**Work request**
Find "澳门邮政于2001年至200" below and begin at its line; stop after the line with "이준석 개혁신당 대표가". Output those lines exactly, without pictures.

Information supplied START

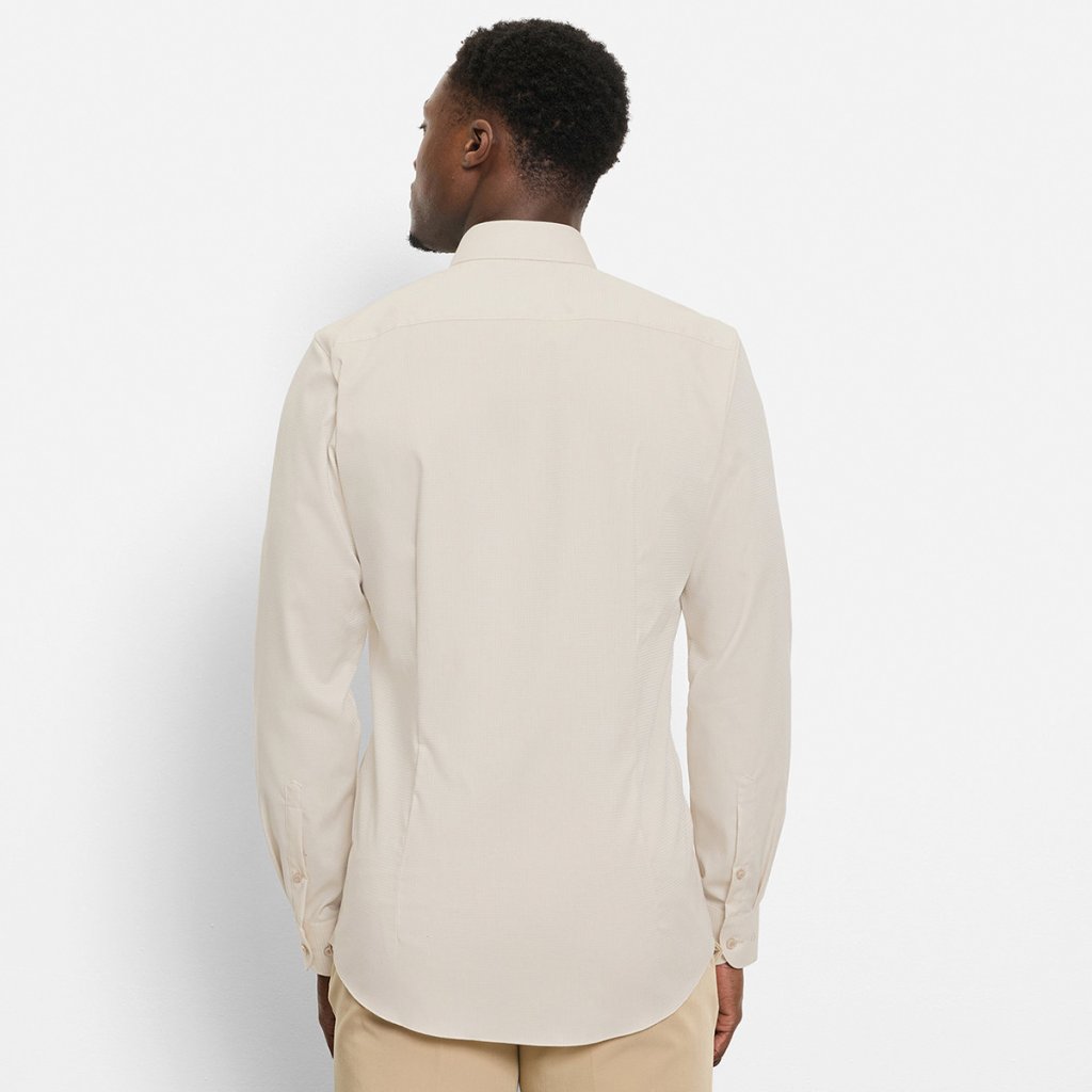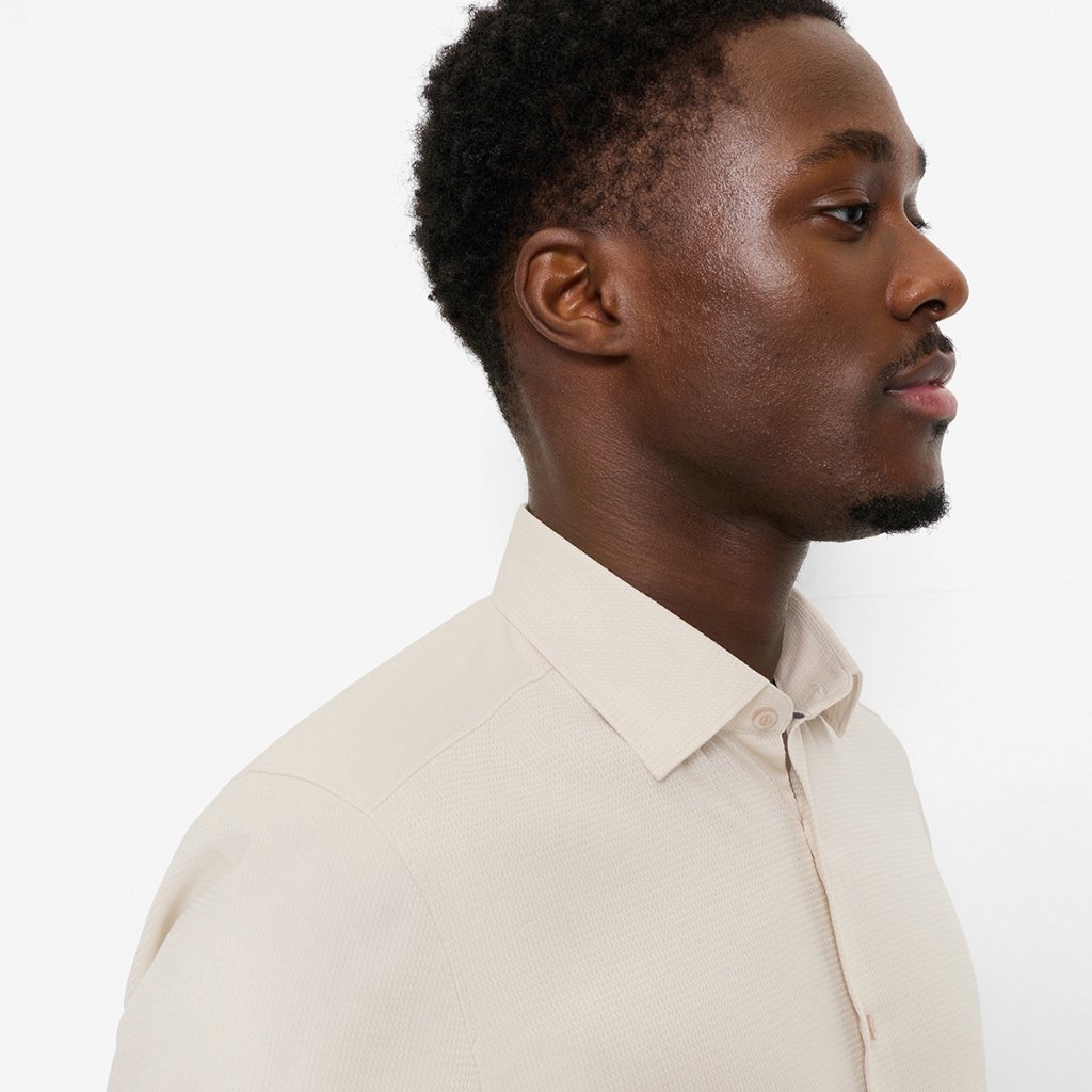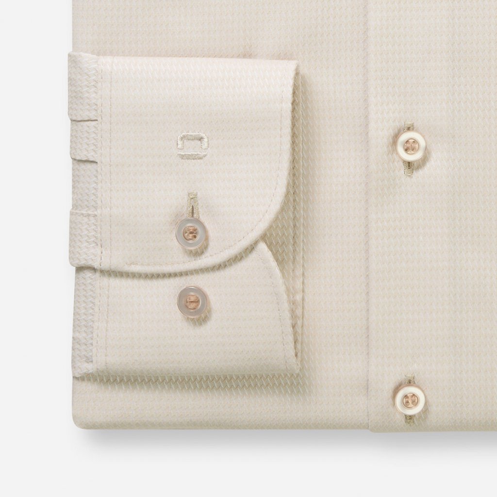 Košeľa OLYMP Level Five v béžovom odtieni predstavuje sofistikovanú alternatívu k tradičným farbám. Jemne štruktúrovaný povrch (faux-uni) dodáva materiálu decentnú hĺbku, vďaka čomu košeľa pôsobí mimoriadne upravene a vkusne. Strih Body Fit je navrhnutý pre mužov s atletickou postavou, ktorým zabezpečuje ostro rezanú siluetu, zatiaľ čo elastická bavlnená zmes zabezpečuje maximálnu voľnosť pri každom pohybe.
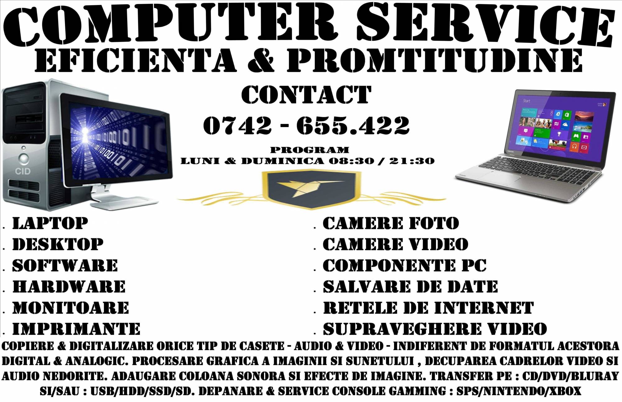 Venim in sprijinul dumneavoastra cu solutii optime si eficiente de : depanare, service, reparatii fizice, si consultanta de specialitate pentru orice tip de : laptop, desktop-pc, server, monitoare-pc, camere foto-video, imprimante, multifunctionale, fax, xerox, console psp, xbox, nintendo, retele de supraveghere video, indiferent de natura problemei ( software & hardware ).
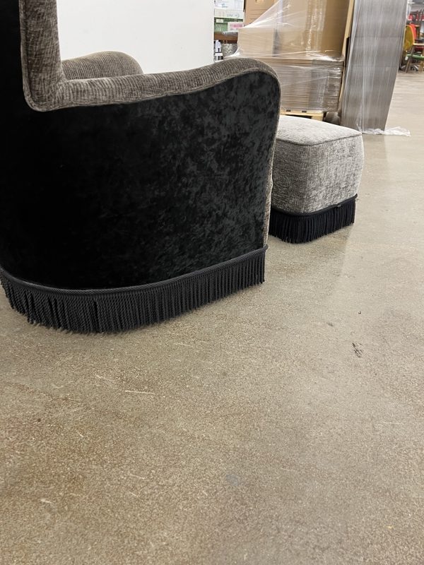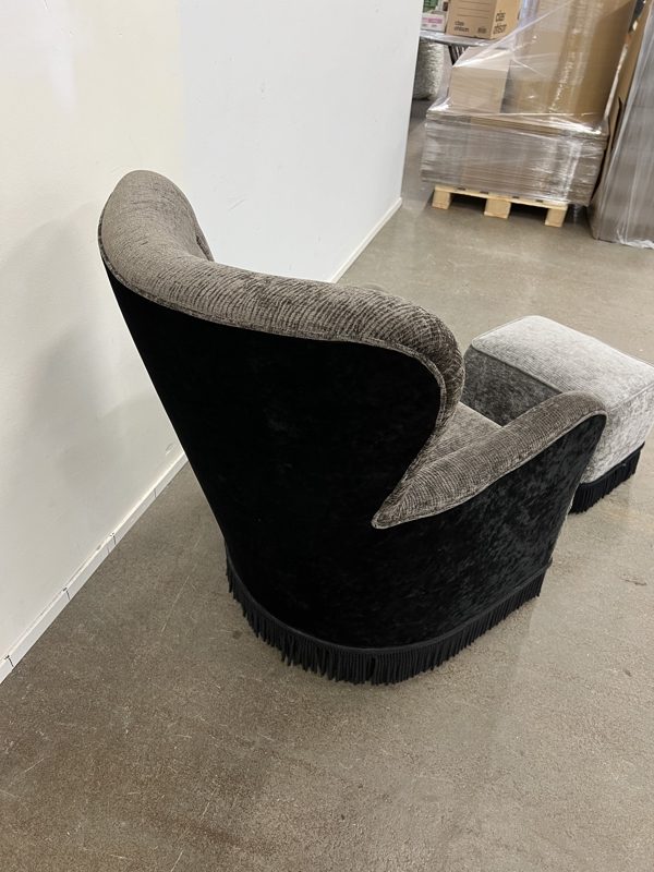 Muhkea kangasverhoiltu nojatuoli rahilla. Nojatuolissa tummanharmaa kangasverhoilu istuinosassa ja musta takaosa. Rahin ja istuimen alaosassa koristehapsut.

Information supplied END
Information supplied START

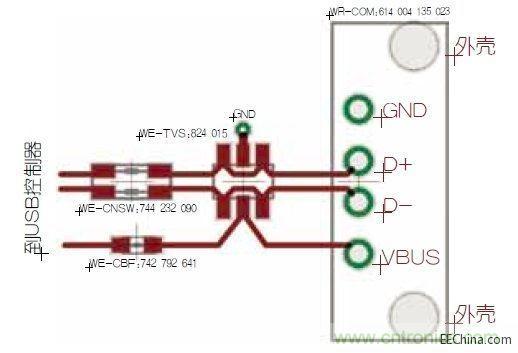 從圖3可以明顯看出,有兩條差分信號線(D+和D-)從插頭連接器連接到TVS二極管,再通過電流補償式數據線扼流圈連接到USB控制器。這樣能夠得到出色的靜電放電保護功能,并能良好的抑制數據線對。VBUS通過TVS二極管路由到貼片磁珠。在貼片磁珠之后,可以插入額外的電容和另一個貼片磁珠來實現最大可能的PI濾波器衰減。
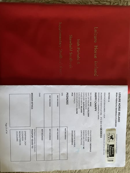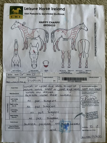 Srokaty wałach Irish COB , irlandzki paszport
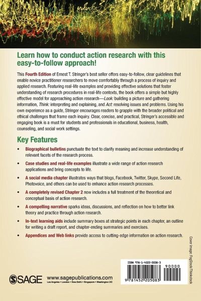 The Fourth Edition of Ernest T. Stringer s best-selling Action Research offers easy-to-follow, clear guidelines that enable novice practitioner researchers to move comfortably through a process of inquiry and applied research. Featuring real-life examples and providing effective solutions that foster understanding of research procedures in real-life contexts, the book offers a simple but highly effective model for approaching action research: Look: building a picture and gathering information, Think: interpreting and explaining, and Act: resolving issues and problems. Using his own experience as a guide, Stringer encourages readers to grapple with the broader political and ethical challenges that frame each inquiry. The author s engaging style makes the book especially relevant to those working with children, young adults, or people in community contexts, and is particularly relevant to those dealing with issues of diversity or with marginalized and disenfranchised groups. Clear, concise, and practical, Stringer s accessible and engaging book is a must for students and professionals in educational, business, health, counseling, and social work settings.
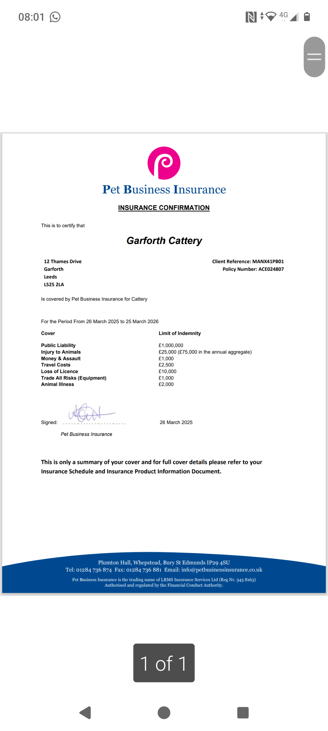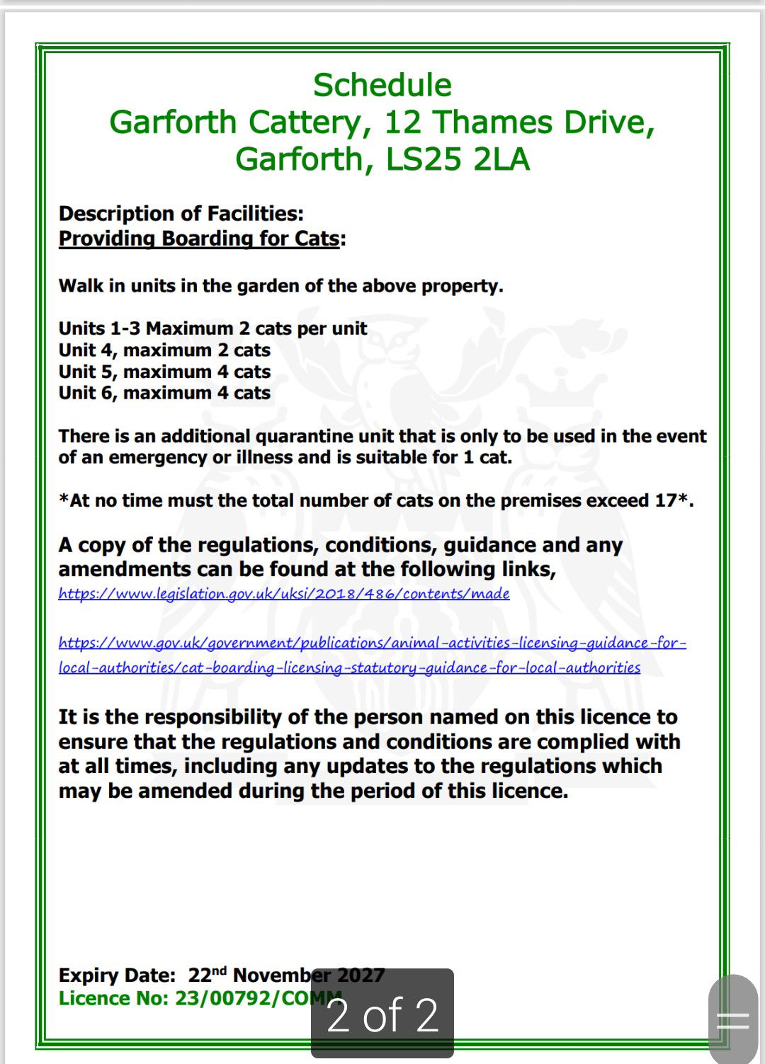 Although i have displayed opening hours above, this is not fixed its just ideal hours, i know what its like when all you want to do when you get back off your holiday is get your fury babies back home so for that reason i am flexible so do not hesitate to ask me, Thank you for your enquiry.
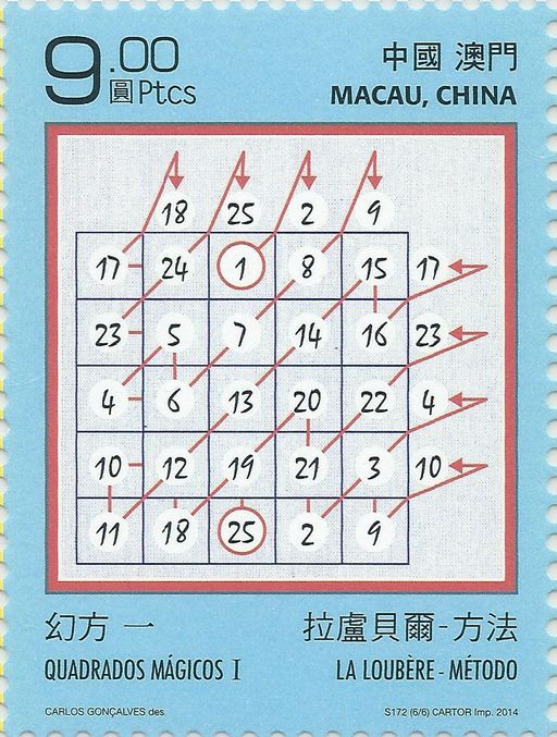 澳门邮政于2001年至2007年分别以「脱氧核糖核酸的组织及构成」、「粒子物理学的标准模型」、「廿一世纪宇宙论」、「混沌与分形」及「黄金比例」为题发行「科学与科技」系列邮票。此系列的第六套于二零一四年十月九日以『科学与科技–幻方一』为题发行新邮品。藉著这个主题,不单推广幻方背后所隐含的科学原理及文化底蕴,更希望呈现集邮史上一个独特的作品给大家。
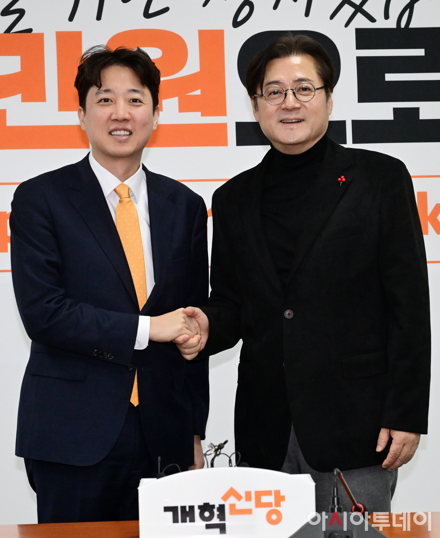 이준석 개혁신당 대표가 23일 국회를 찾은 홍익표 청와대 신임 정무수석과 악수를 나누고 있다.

Information supplied END
Information supplied START

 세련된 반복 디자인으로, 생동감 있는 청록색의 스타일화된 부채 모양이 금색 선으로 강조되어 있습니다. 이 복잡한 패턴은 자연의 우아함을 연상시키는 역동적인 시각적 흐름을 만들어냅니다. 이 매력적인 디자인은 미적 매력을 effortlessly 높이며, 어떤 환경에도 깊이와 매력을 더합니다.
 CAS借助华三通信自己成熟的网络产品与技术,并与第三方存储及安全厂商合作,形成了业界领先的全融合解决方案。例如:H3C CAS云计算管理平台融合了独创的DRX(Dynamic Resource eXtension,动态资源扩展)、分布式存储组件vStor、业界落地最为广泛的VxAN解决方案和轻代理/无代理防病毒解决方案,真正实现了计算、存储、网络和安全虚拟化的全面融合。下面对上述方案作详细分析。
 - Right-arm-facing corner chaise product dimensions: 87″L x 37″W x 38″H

Information supplied END

**Response area**
 澳门邮政于2001年至2007年分别以「脱氧核糖核酸的组织及构成」、「粒子物理学的标准模型」、「廿一世纪宇宙论」、「混沌与分形」及「黄金比例」为题发行「科学与科技」系列邮票。此系列的第六套于二零一四年十月九日以『科学与科技–幻方一』为题发行新邮品。藉著这个主题,不单推广幻方背后所隐含的科学原理及文化底蕴,更希望呈现集邮史上一个独特的作品给大家。
 이준석 개혁신당 대표가 23일 국회를 찾은 홍익표 청와대 신임 정무수석과 악수를 나누고 있다.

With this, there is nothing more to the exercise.